EXERCISE
Print verbatim the lines from the beginning of the entries through the line containing "本次大会采用分批换届的形式,从青年讲师团", both ends included. Pictures should be left out.

[Data extracted from a collection]
-------------------------

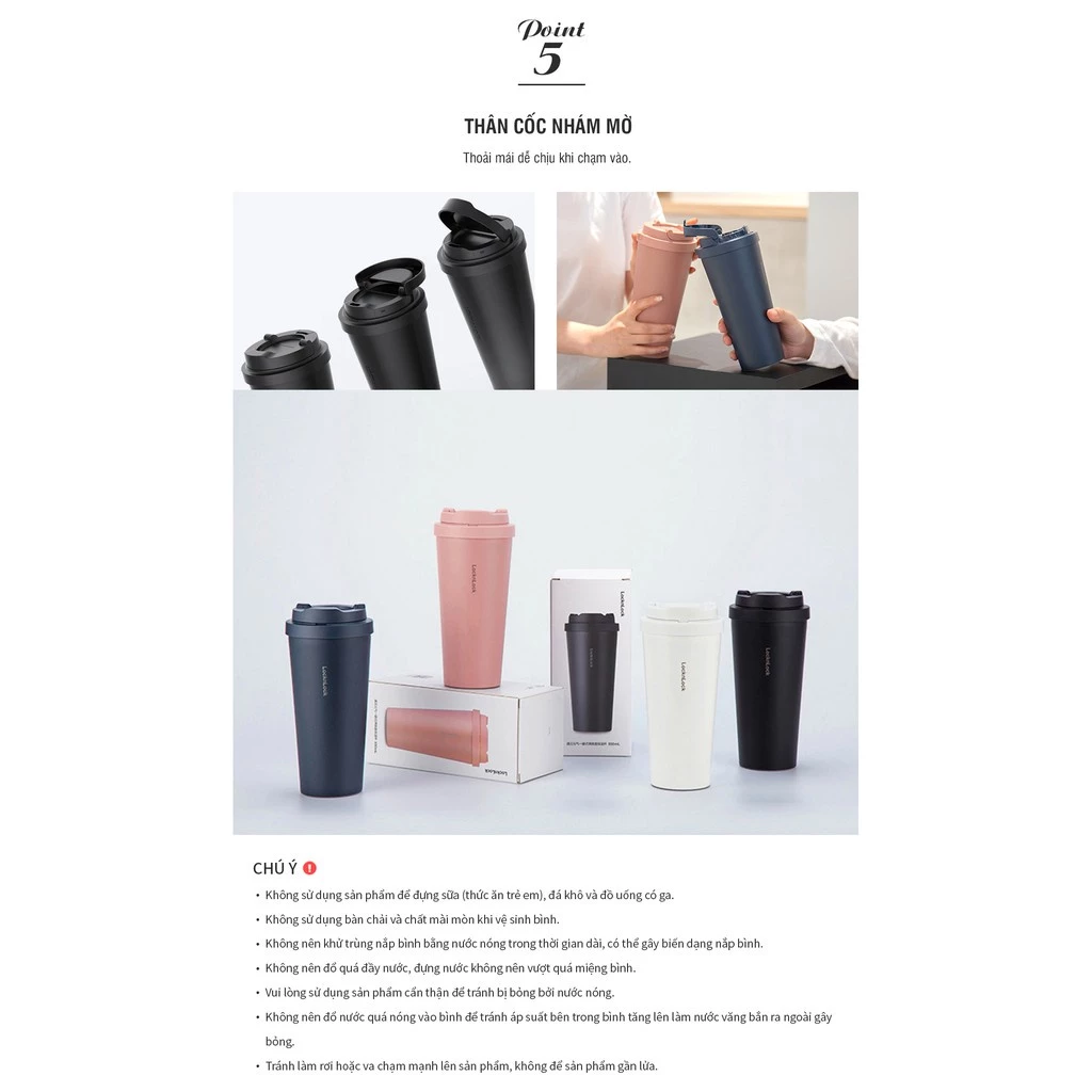 Ly giữ nhiệt LocknLock 550ml LHC3249, 400ml LHC3271, mở nắp một chạm, thép không gỉ inox 316L
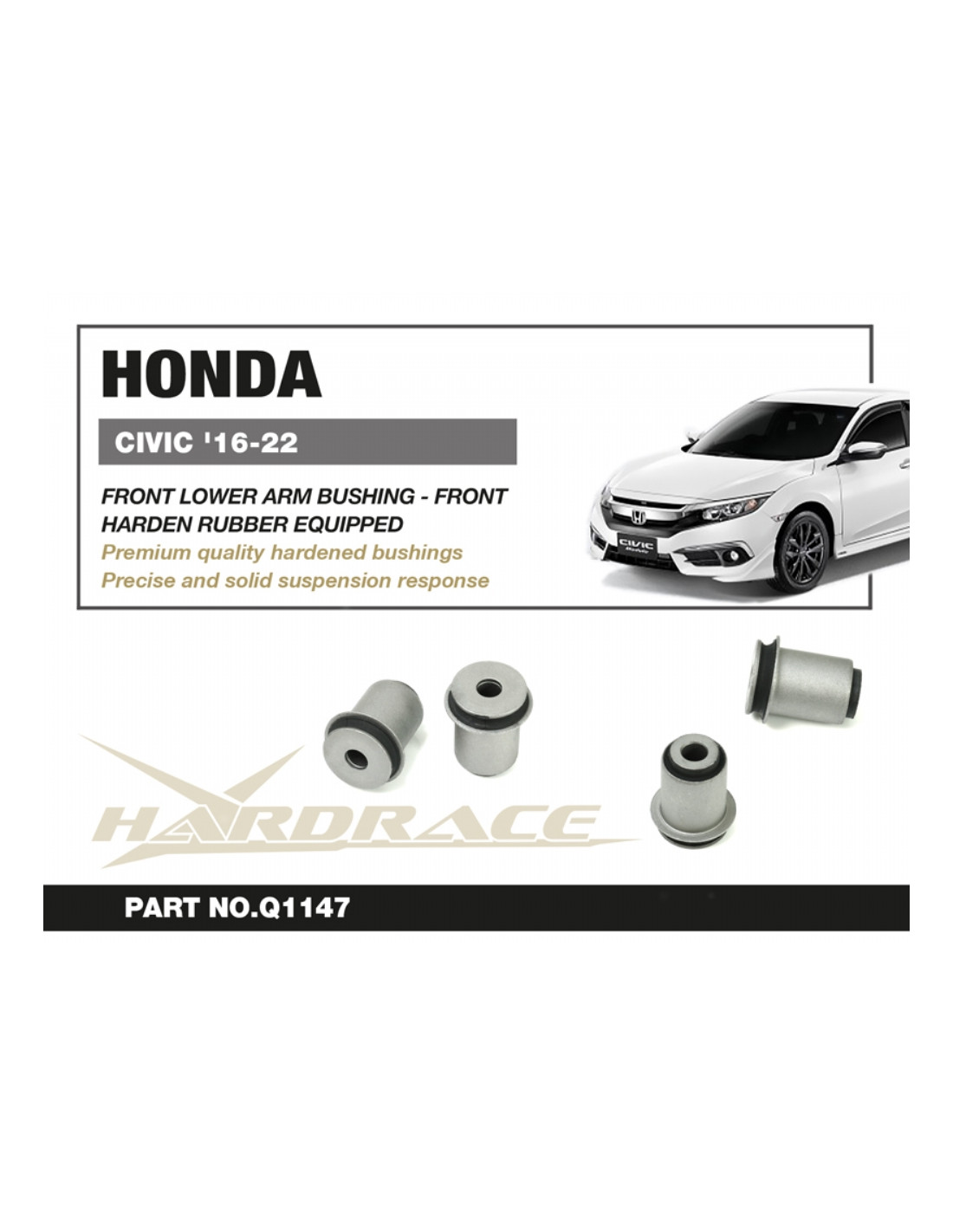 Hardrace silent block for Honda Civic. Ideal for improving driving precision, trim stability, and steering response. Manufacturer's specifications : - Harden Rubber Equipped 2PCS/SET
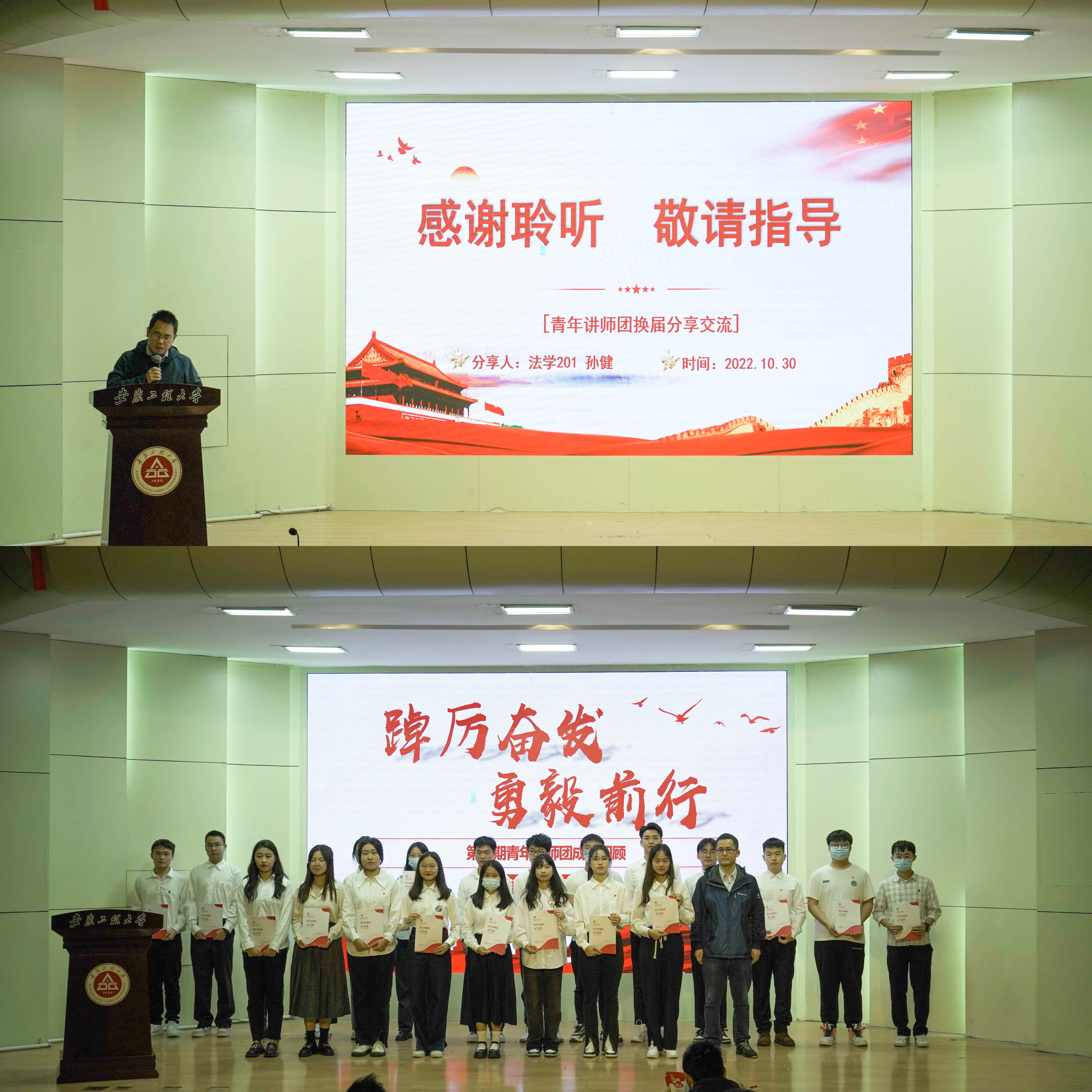 本次大会采用分批换届的形式,从青年讲师团、青年启航社到青年通讯站,展现了“三青”融汇贯通又各具特色。第四期青年讲师团团长杨雪总结汇报了近年来青年讲师团的工作情况和主要成绩,“十佳优秀宣讲员”代表孙健向新一届青年讲师团成员分享了经验。青年启航社离任副社长储伟和新任副社长马岩辉分别分享了对社团工作的感想和收获,并交接了社旗。22届青年通讯站站长李黄歆冉汇报了年度工作,“十佳通讯员”代表朱正阳分享了经验。
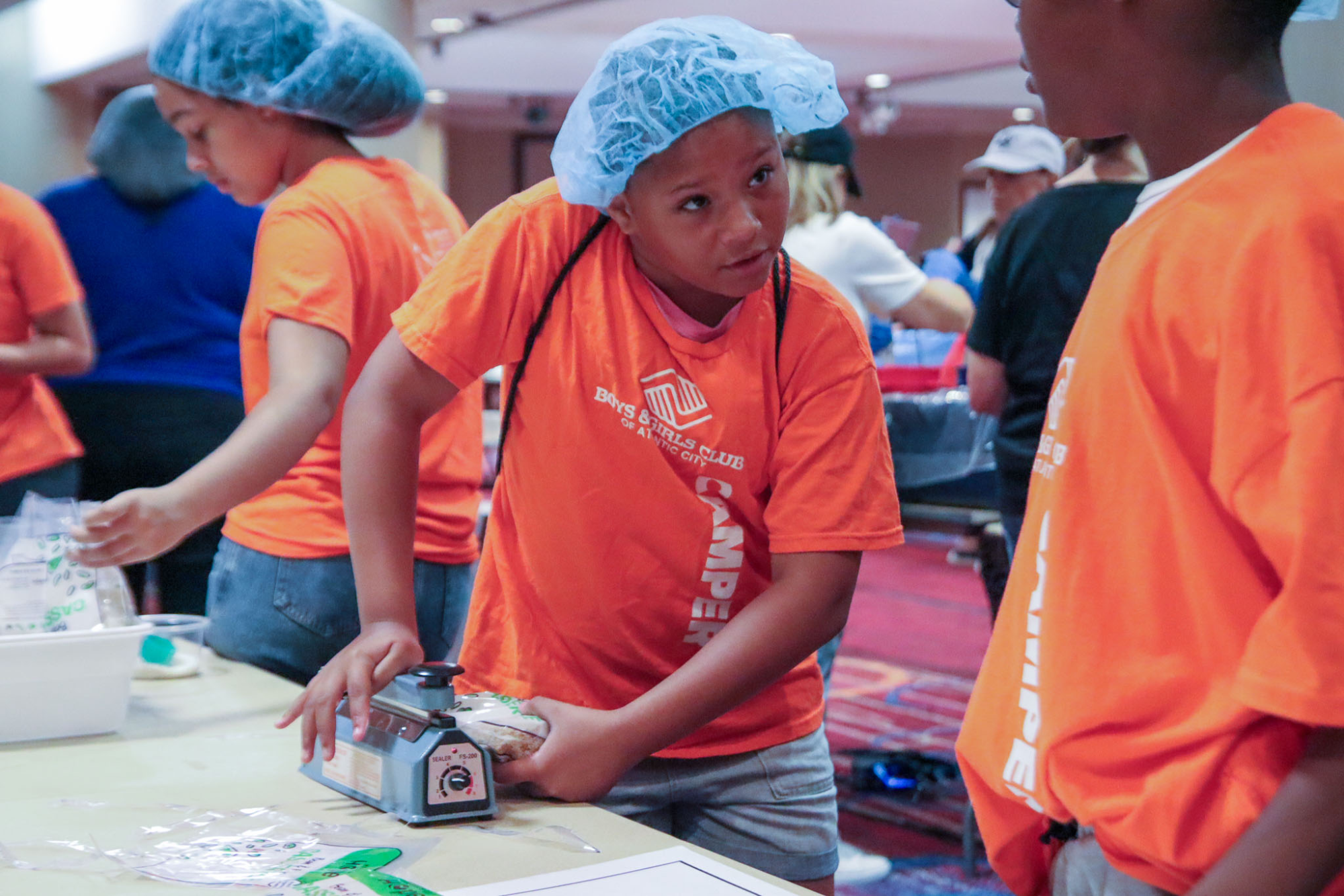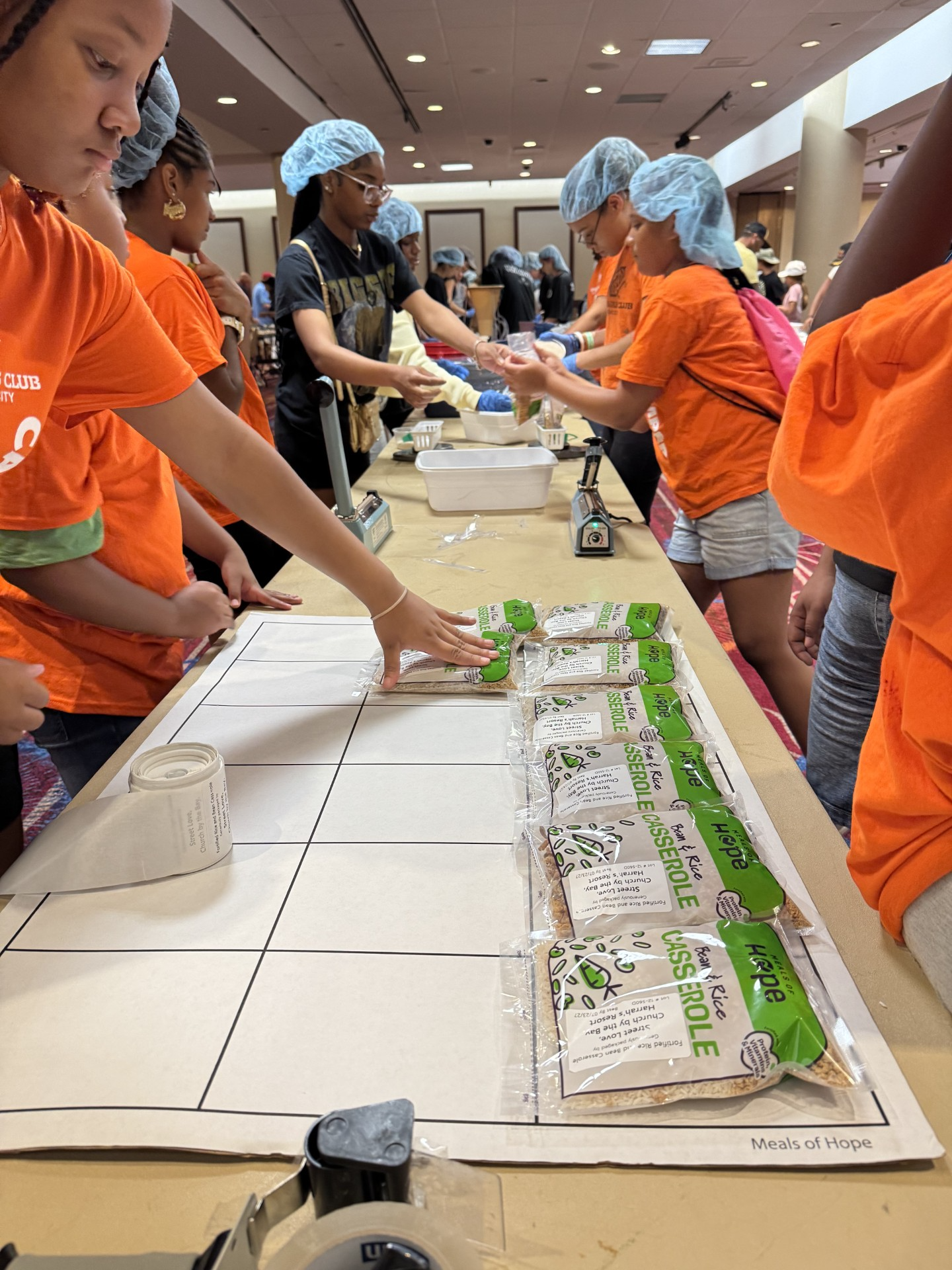 Boys & Girls Club teens form an assembly line to fill and stack thousands of meals in just a few hours.
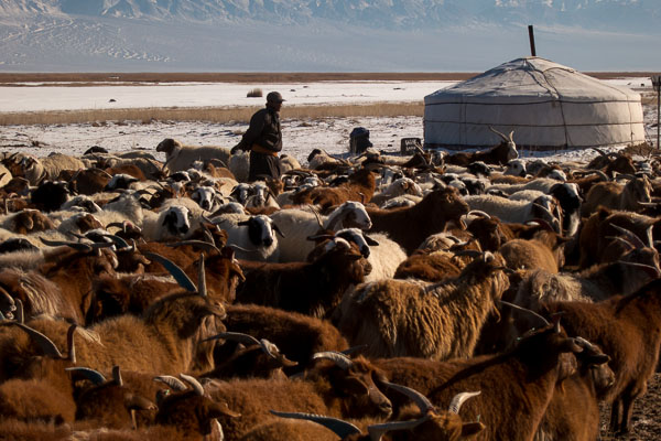 Farther down the road, my students saw a ger that looked inhabited, so our driver simply left the road and headed across snow and the sparse vegetation to give us a look at the process of herding goats and evaluating them for the market. While my students automatically pitched in to help with the herding, I photographed. And photographed. And eventually, was lead to understand that my students did not bring me here just for my pleasure, but that they wanted to talk. And through this negotiation, which started at the goat herd and found resolution as we struggled to understand each other in a van that barreled across the desert, we stopped the van and agreed to meet the driver down the road a way as we walked along the frozen lake shore. For several reasons, it was a good decision.
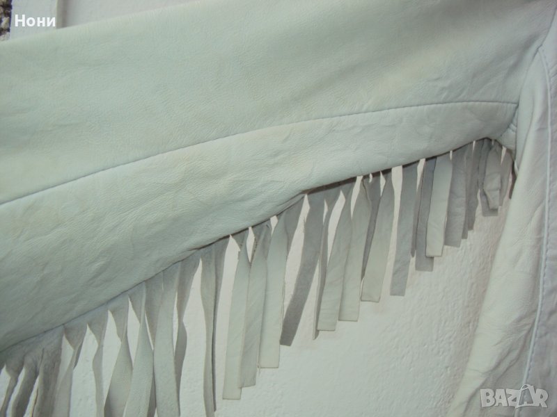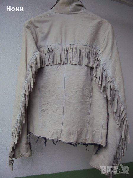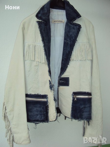 Кожено яке в комбинация с дънкови ревери. Якето е купено от Италия. Ръст С. Обличано до пъти. Кожата е естествена и намачкана на ефекти. Има дънкови ревери и дънкови джобове. Забележката е съвсем малка. На десният ръкав има леко петънце цвят екрю във вид на малка точица!. На последната снимка съм показала тази точица! Но като се облече якето не се забелязва. На мен ми е малко и затова го продавам, дължина на якето 54 см. Дължина на ръкава 62 см. От рамо до рамо 40 см. От подмишница до подмишница 44 см., има кожени ресни, на които дрес- кода е каубойски мотив. Якето има и подплата!
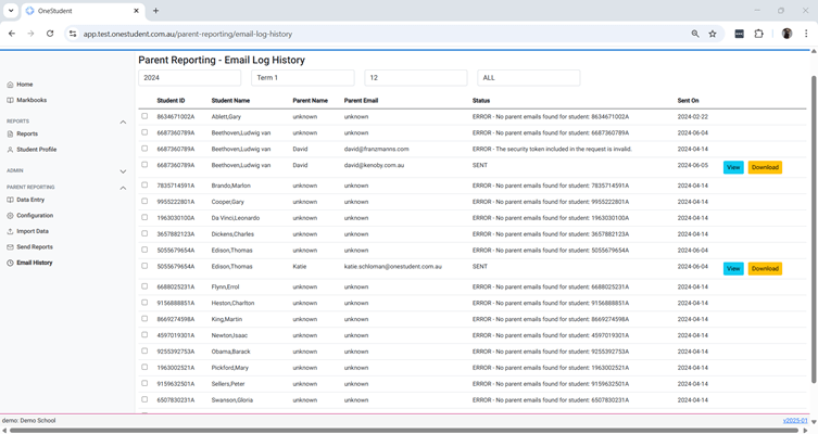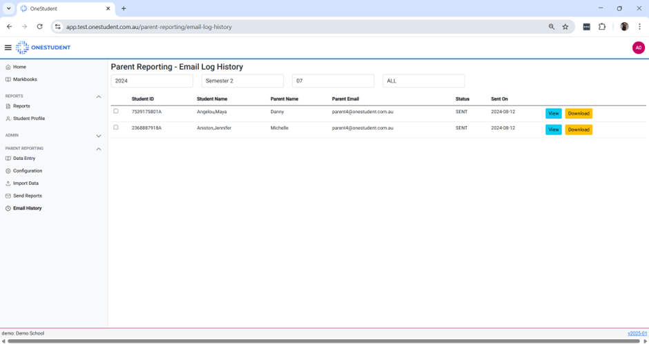 Example of OneStudent Parent Reporting – Email History page use View to open the report on screen for Year Level 07:

-------------------------

EXERCISE ANSWER
 Ly giữ nhiệt LocknLock 550ml LHC3249, 400ml LHC3271, mở nắp một chạm, thép không gỉ inox 316L
 Hardrace silent block for Honda Civic. Ideal for improving driving precision, trim stability, and steering response. Manufacturer's specifications : - Harden Rubber Equipped 2PCS/SET
 本次大会采用分批换届的形式,从青年讲师团、青年启航社到青年通讯站,展现了“三青”融汇贯通又各具特色。第四期青年讲师团团长杨雪总结汇报了近年来青年讲师团的工作情况和主要成绩,“十佳优秀宣讲员”代表孙健向新一届青年讲师团成员分享了经验。青年启航社离任副社长储伟和新任副社长马岩辉分别分享了对社团工作的感想和收获,并交接了社旗。22届青年通讯站站长李黄歆冉汇报了年度工作,“十佳通讯员”代表朱正阳分享了经验。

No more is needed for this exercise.